TASK:
The reply should contain every line of the data, repeated exactly, and no pictures.

GIVEN INFORMATION:
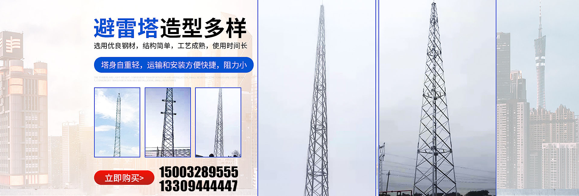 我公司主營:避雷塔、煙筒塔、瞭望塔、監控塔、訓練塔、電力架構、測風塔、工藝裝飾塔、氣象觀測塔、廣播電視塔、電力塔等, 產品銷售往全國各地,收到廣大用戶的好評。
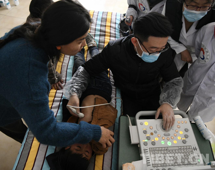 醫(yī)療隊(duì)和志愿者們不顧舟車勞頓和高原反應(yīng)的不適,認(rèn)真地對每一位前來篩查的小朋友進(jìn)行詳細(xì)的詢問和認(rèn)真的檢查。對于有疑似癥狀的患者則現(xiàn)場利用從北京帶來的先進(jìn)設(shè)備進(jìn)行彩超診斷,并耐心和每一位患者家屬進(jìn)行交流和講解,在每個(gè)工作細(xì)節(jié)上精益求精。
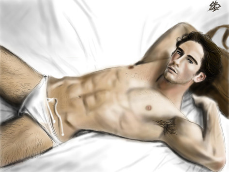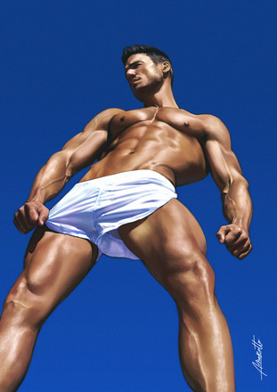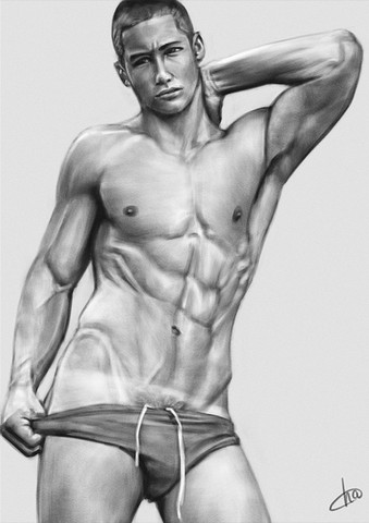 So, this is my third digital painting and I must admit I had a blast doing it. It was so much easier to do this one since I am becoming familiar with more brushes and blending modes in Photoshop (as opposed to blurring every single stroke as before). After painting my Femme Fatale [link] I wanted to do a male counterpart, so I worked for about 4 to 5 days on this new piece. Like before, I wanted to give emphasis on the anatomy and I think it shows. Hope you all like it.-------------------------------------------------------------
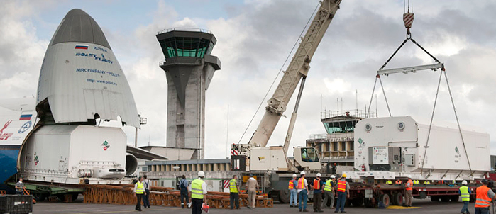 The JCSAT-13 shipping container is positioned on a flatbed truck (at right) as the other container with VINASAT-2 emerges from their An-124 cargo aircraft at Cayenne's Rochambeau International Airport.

YOUR RESPONSE:
 我公司主營:避雷塔、煙筒塔、瞭望塔、監控塔、訓練塔、電力架構、測風塔、工藝裝飾塔、氣象觀測塔、廣播電視塔、電力塔等, 產品銷售往全國各地,收到廣大用戶的好評。
 醫(yī)療隊(duì)和志愿者們不顧舟車勞頓和高原反應(yīng)的不適,認(rèn)真地對每一位前來篩查的小朋友進(jìn)行詳細(xì)的詢問和認(rèn)真的檢查。對于有疑似癥狀的患者則現(xiàn)場利用從北京帶來的先進(jìn)設(shè)備進(jìn)行彩超診斷,并耐心和每一位患者家屬進(jìn)行交流和講解,在每個(gè)工作細(xì)節(jié)上精益求精。
 So, this is my third digital painting and I must admit I had a blast doing it. It was so much easier to do this one since I am becoming familiar with more brushes and blending modes in Photoshop (as opposed to blurring every single stroke as before). After painting my Femme Fatale [link] I wanted to do a male counterpart, so I worked for about 4 to 5 days on this new piece. Like before, I wanted to give emphasis on the anatomy and I think it shows. Hope you all like it.-------------------------------------------------------------
 The JCSAT-13 shipping container is positioned on a flatbed truck (at right) as the other container with VINASAT-2 emerges from their An-124 cargo aircraft at Cayenne's Rochambeau International Airport.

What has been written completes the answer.